Children are meant to see parents die, rather than the other way around. Death before retirement complicates that script. My mother was at work one day and in a hospital bed the next. Illness stripped her of her power of speech and movement, of her hair, her privacy. I saw her body as a nurse carried her to the toilet in a hospital gown that flapped open. I touched her arm at the funeral, imagined her friends turning that cold mass of limbs to wrap in a sari, and thought she would hate how she looked: bald and, just as disturbing somehow, in a carefully pleated sari. She always went for the pinless, fabric-falling look. Death, I thought, was a quick stripper of personhood. The deceased’s tastes are erased by the time of the service.

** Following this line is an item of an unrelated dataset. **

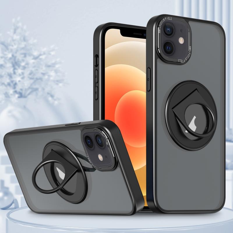 For iPhone 12 / 12 Pro Rotating Ring Magnetic Holder Phone Case(Black)
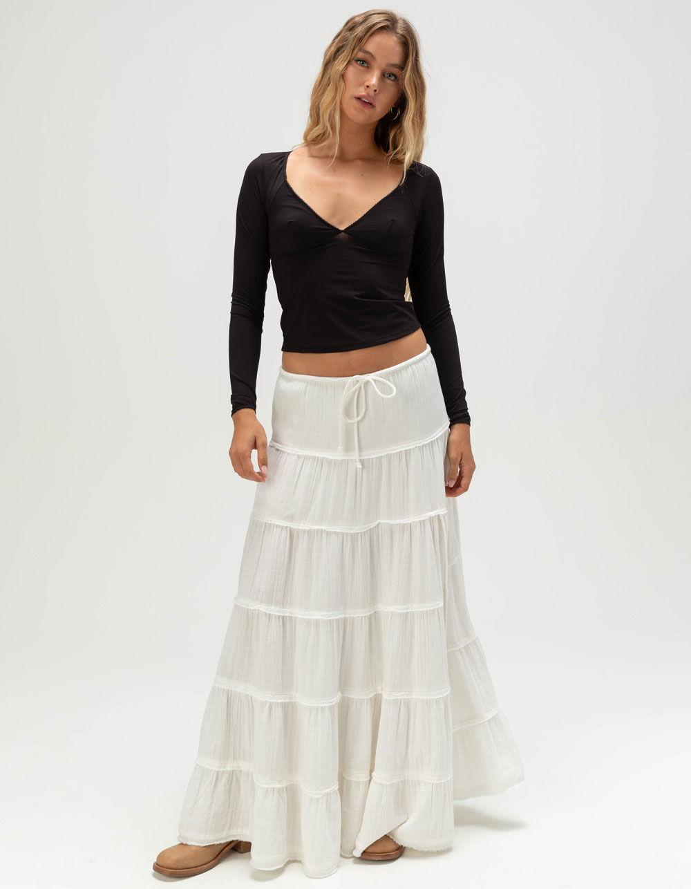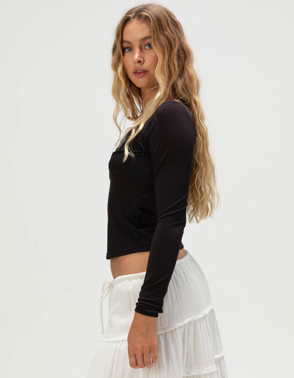 BLACK. BDG Urban Outfitters Je T'aime Womens Long Sleeve Crop Top. The BDG Je T’aime Long Sleeve Crop Top delivers a romantic edge to your everyday wardrobe with its sleek, semi-sheer black fabric and flattering cropped silhouette. Designed with a soft V-neckline adorned with delicate picot trim, this top adds a subtle touch of femininity to any outfit. The bust is thoughtfully lined for coverage, while the long sleeves and body remain sheer for a layered, lightweight look. Perfect for pairing with high-waisted jeans or skirts, this versatile piece transitions effortlessly from day to night. 75% Polyamide 25% Elastane. Machine wash. Imported.

One particularly dark, mortality salient night after my divorce, I decided it was time for a new story. Before I saw my death written into my mother’s limbs, I’d felt protected by a god-force, a mother-force, by some-force that seemed to care about the quality of my days. I decided that night to slip into a pretense: I would pretend to be a child. I would need to split selves, though, to be a mother to this child self. One day, some time later, I realized I wasn’t scared of illness anymore. I suppose I’d heard enough of my own fears by that point to have reasoned myself out of them, split as I was between mother and child. Illness now looked like a byway to a shared destination, with its own sights and lessons—not to be desired, but not feared either.
One morning, after a year or so of not bleeding, I had a period again. I was dog-sitting at the time, looking after a puppy, and felt affection for the pup, noticing how he grew cautious after a loud car scared him. I felt, I guess, like a mother. I didn’t know whether to be embarrassed or relieved at the symbolism when my period showed up during that stint. (No one presumably wants to be that person who feels like a mother to a dog.) Anyway, I kept going. One day I noticed I could type just fine, no tears. It didn’t seem to matter if anyone read what I wrote, so long as I did the best I could. I realized I didn’t mind if no one ever knew I’d lived. Life seemed worthwhile on its own, even without proof it happened.
Then, one night, I dreamed I had a daughter. She seemed happy, and so did I.